EXERCISE OBJECTIVE:
What you return must match the listing below exactly, minus any pictures.

PROVIDED DATA:
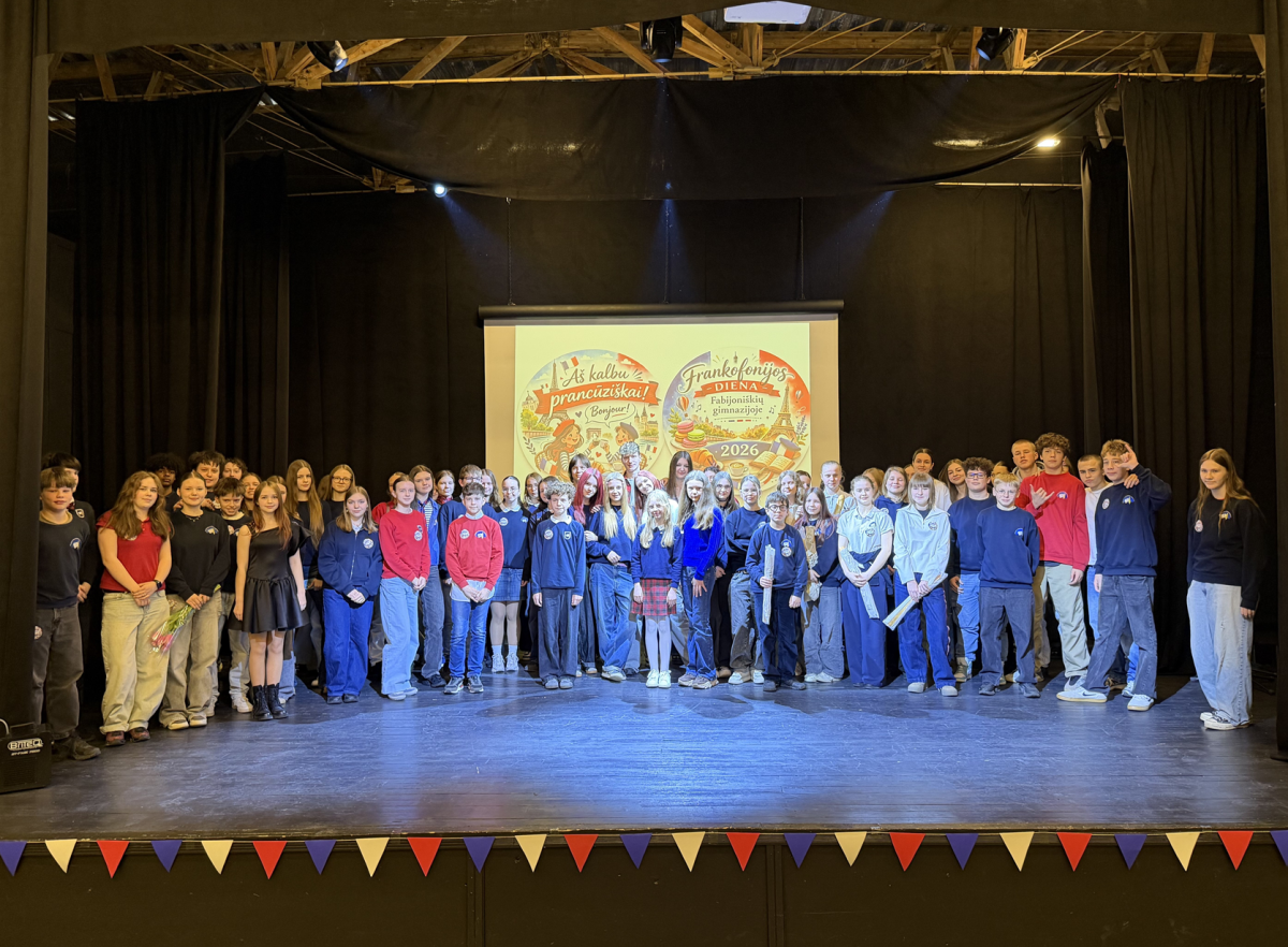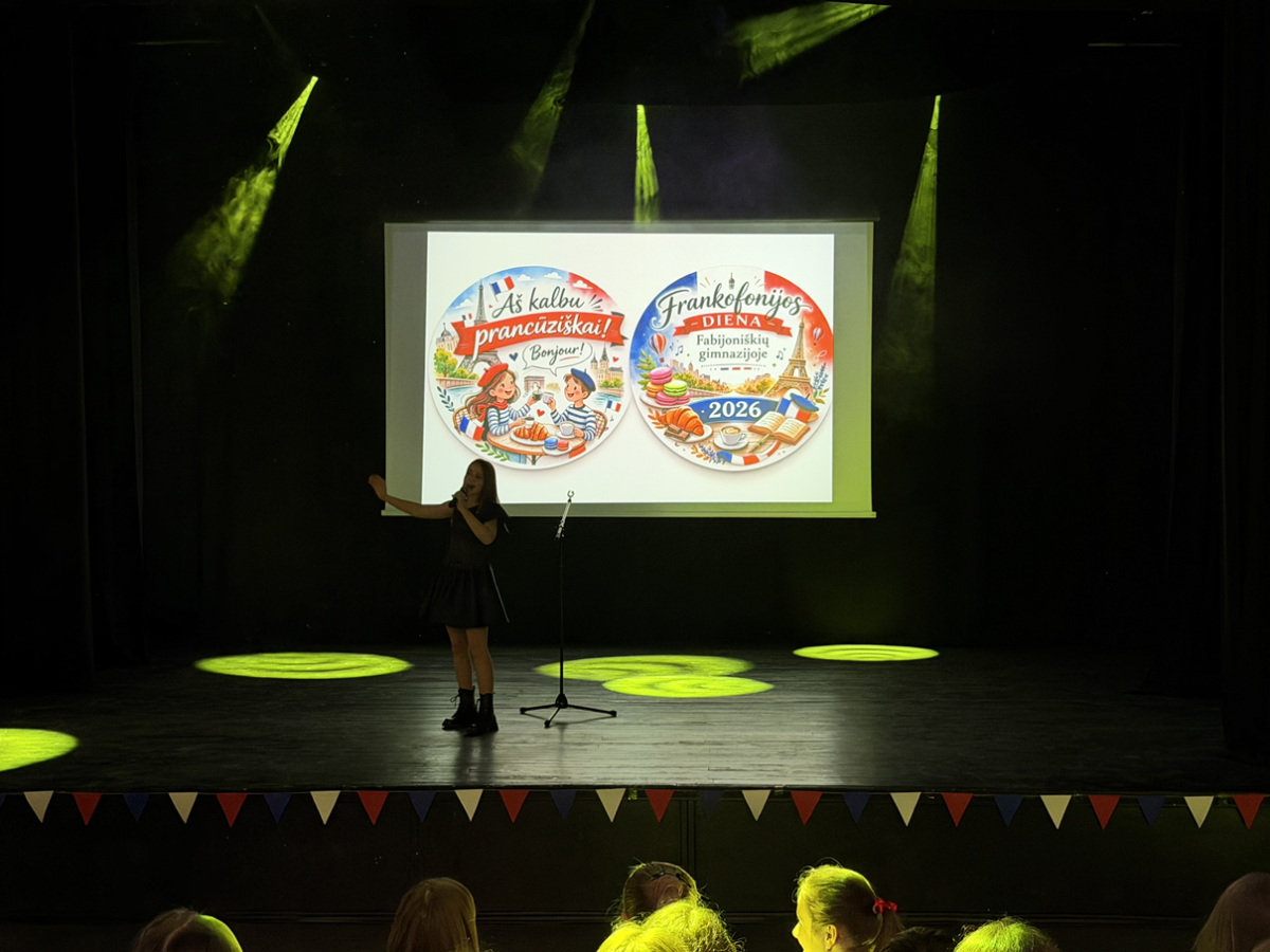 Šia proga mūsų mokykloje nuaidėjo šventė „Fêtons le français ensemble !“ (Švęskime prancūzų kalbą kartu!), subūrusi 5–9 klasių mokinius. Čia netrūko nei kūrybos, nei juoko, nei muzikos – prancūzų kalba skambėjo dainose, pristatymuose ir net drąsiuose pasirodymuose scenoje.
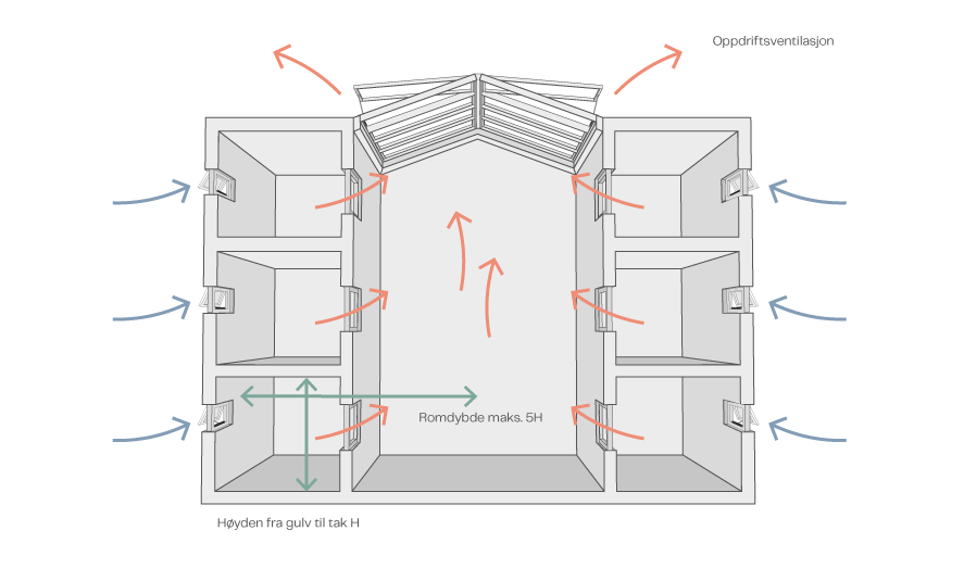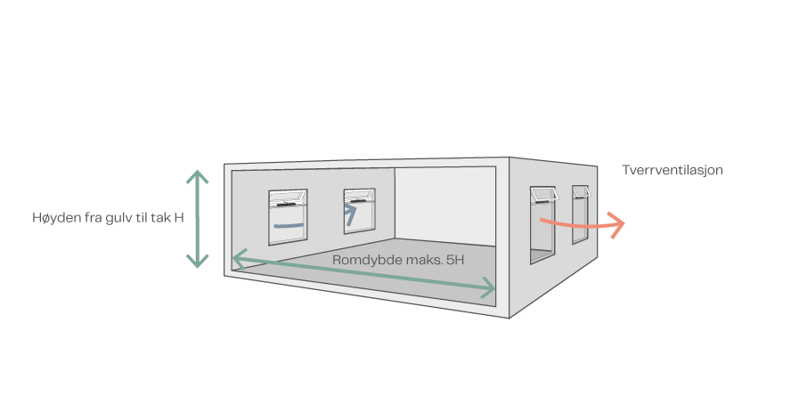 >Når du har fastlagt funksjonen og bruken av de forskjellige rommene, kan du se på designet av rommene basert på romdybde og høyde, da det kan hjelpe deg med å velge en passende strategi for naturlig ventilasjon. I dette avsnittet drøfter vi de tre hovedstrategiene for naturlig ventilasjon og gir tips til når de forskjellige skal velges.
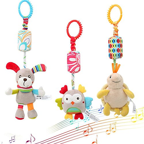 • Daisy 3 Packs Infant Hanging Rattle, Soft Baby Wind Chimes handbell Toy, Stroller Car Seat Crib Hanging Toy for Baby Toddler Boys and Girls, Educational Development Gift - (Puppy, Owl, Tortoise)
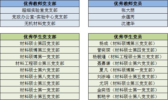 两场考评会由学院党委委员、教师代表、专职组织员、党建指导教师等担任评委。经无记名打分,超细实验室党支部等3个教师党支部、材料硕士第四党支部等9个学生党支部,张大朋等3位教师党员、杨成等9位学生党员获得年度优秀。

EXERCISE RESPONSE:
 Šia proga mūsų mokykloje nuaidėjo šventė „Fêtons le français ensemble !“ (Švęskime prancūzų kalbą kartu!), subūrusi 5–9 klasių mokinius. Čia netrūko nei kūrybos, nei juoko, nei muzikos – prancūzų kalba skambėjo dainose, pristatymuose ir net drąsiuose pasirodymuose scenoje.
 >Når du har fastlagt funksjonen og bruken av de forskjellige rommene, kan du se på designet av rommene basert på romdybde og høyde, da det kan hjelpe deg med å velge en passende strategi for naturlig ventilasjon. I dette avsnittet drøfter vi de tre hovedstrategiene for naturlig ventilasjon og gir tips til når de forskjellige skal velges.
 • Daisy 3 Packs Infant Hanging Rattle, Soft Baby Wind Chimes handbell Toy, Stroller Car Seat Crib Hanging Toy for Baby Toddler Boys and Girls, Educational Development Gift - (Puppy, Owl, Tortoise)
 两场考评会由学院党委委员、教师代表、专职组织员、党建指导教师等担任评委。经无记名打分,超细实验室党支部等3个教师党支部、材料硕士第四党支部等9个学生党支部,张大朋等3位教师党员、杨成等9位学生党员获得年度优秀。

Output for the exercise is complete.